Fabric printed using torn painted transfer papers and torn resists.
I had a great three days in rural Essex this week. Transfer printing is rarely the top of anyones list for a workshop, which is a great shame. It is such a simple and exciting form of printing. 'Transforming Transfer' is one of my favourite workshops to teach - we always get fabulous results.
Disperse dye is the dye used to permanently colour synthetic fabrics. Because the dye is first applied to paper then transferred by heat to the fabric, they have become known as transfer paints.
The dyes I use are in powder form and I make them up and store them in glass jars - always wear a particle mask when working with dye powders.
Once the dyes are no longer in powder form you won't need to wear a mask.
When working with any dye it is best to wear gloves and an apron.
The group painting their papers.
Fantasia Textiles Studio is run by Norah Stocker, a great bundle of energy. The studio is a City and Guilds hub and Norah teaches various levels of City and Guilds courses ad well as mentoring and teaching exhibiting textile groups.
There were eight in the group and as soon as I met them I knew we were in for a great three days. We got straight onto painting up the papers with the transfer paints as they needed to dry for us to transfer them onto the fabrics.
The students painted up ten sheets of paper each.
It is important not to introduce water to the dyes as this will water them down and make them less vibrant. I always ask the students to clean their brushes on kitchen towel - this can then be transfer printed along with the painted papers.
The group were asked to paint two of their papers with one dark colour that we would use for resist printing. When working with resists the mask/resist shows more clearly when you use a plain colour.
Grass used as a resist for a negative print and then turned over and printed for a positive print.
A fabulous table of early experiments.
Resist and positive prints using a torn doily.
Another negative grass print.
All manner of things can be used as a resist for a negative print - as long as they are flat and dry. Feathers and loose threads were used here.
The very lovely Noreen loving the heat press.
Whilst transfer printing with an iron is easily done, it can take a few minutes. If you get into the rhythm of the process you don't notice this too much. However, when working in a group I take along my heat press. It speeds things up. It is a very heavy piece of equipment, I don't take it out of the house very often.
More gorgeous resist prints.
When working with transfer painted papers you can usually get a least prints from each piece of paper which can give a beautiful shadow effect.
Lovely over prints.
We printed on various synthetic fabrics, Lutradur/Vilene Spunbond gives a great effect.

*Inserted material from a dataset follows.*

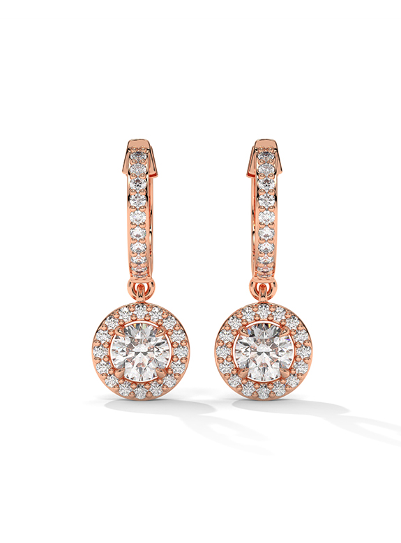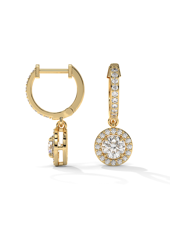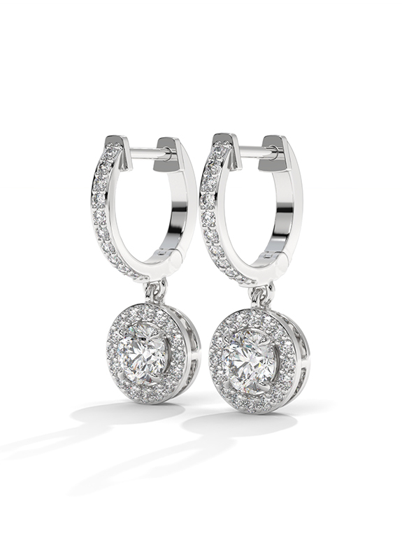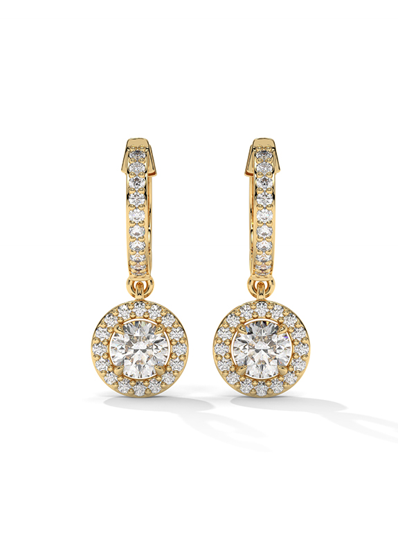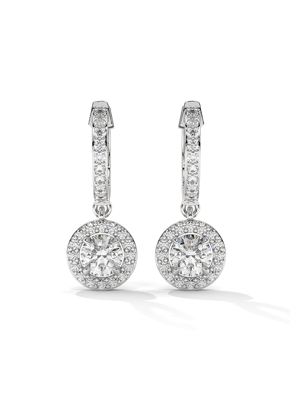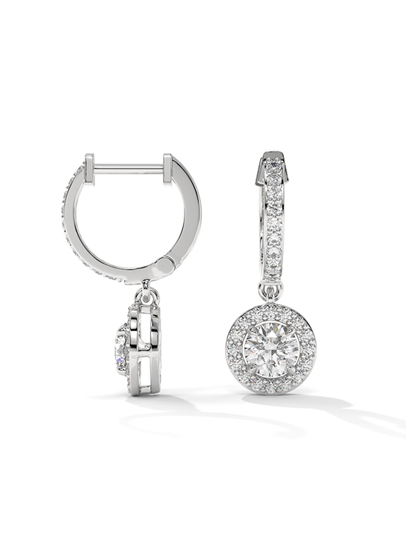 These breathtaking round brilliant halo drop earrings are a masterclass in light and luxury, featuring two shimmering center stones encircled by a delicate halo of pave diamonds for brilliance from every angle. The architectural design features a classic huggie-style hoop pave-set with diamonds, supporting an elegant dangling halo charm. This exquisite design is finished with a secure hinged closure, offering a perfect blend of opulence and daily comfort.
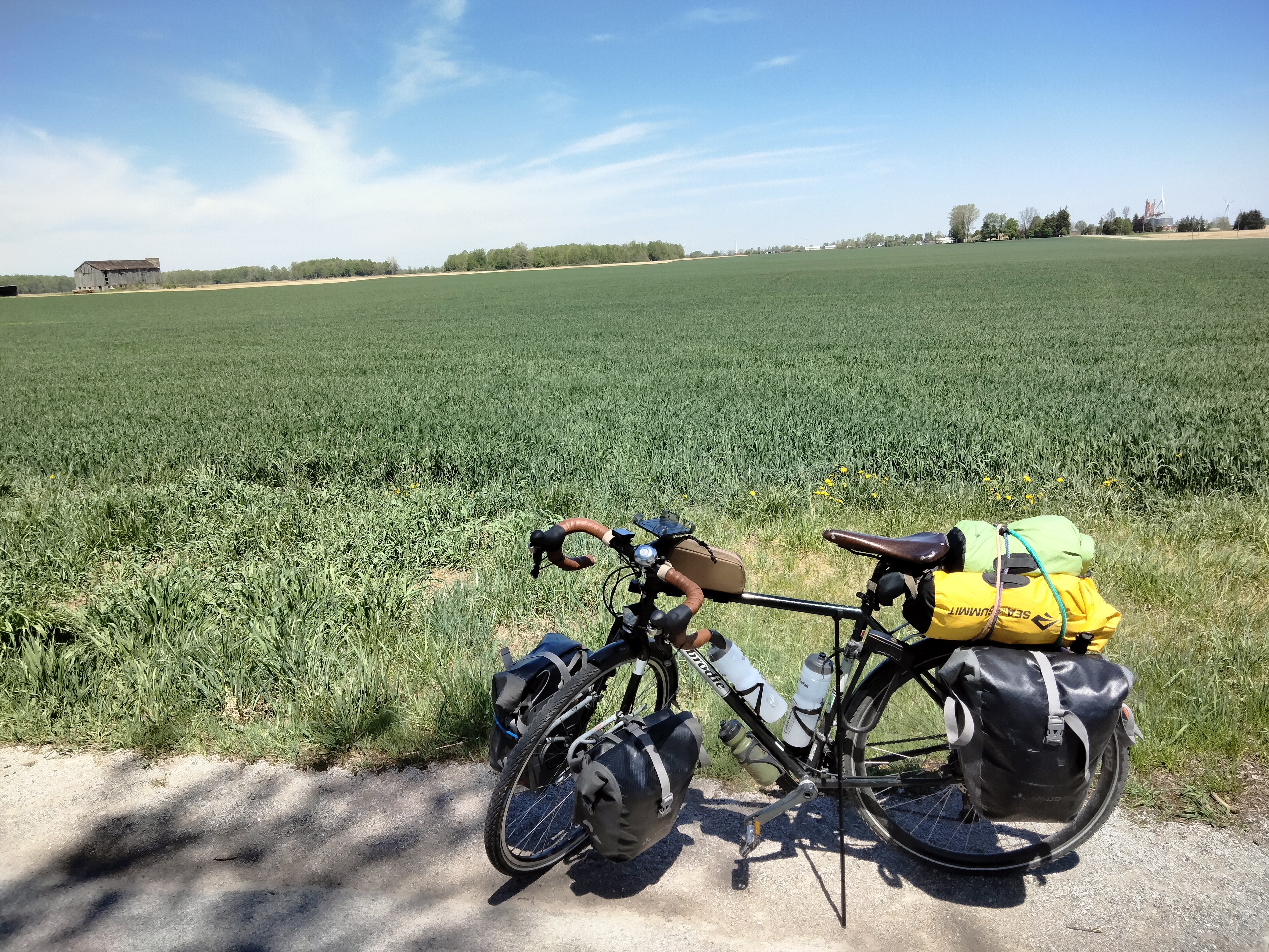 There is not much to say about this part of Ontario except that the land is flat and fertile. The fields were rich with all sorts of crops and stretched to the horizon as I rode. I spent the Thursday night at the Days Inn in Brantford. The headwinds were mercifully mild, so I moved quickly.

Once the group had printed up several fabrics, we had a play with applique using Bondaweb and using a soldering iron to cut the shapes. The fabric is ironed onto Bondaweb, leaving the backing paper on. Shapes are then cut out using a soldering iron and lifted off the backing paper. You need very little pressure when using a soldering iron to cut shapes. You just rest your soldering iron tip onto the fabric and move it as the fabric melts and cuts. If you cut through the backing paper you are pressing too hard.
The group working with the soldering irons.
Using a baking tray and baking parchment to work onto. Once cut, the shapes are lifted off the backing paper and laid onto your chosen background
As I have sooooo many images from the workshop I will split this post into two and show you the more considered and stitched samples in part two. The group created some very beautiful work - I don't want to leave anything out.
Watch this space!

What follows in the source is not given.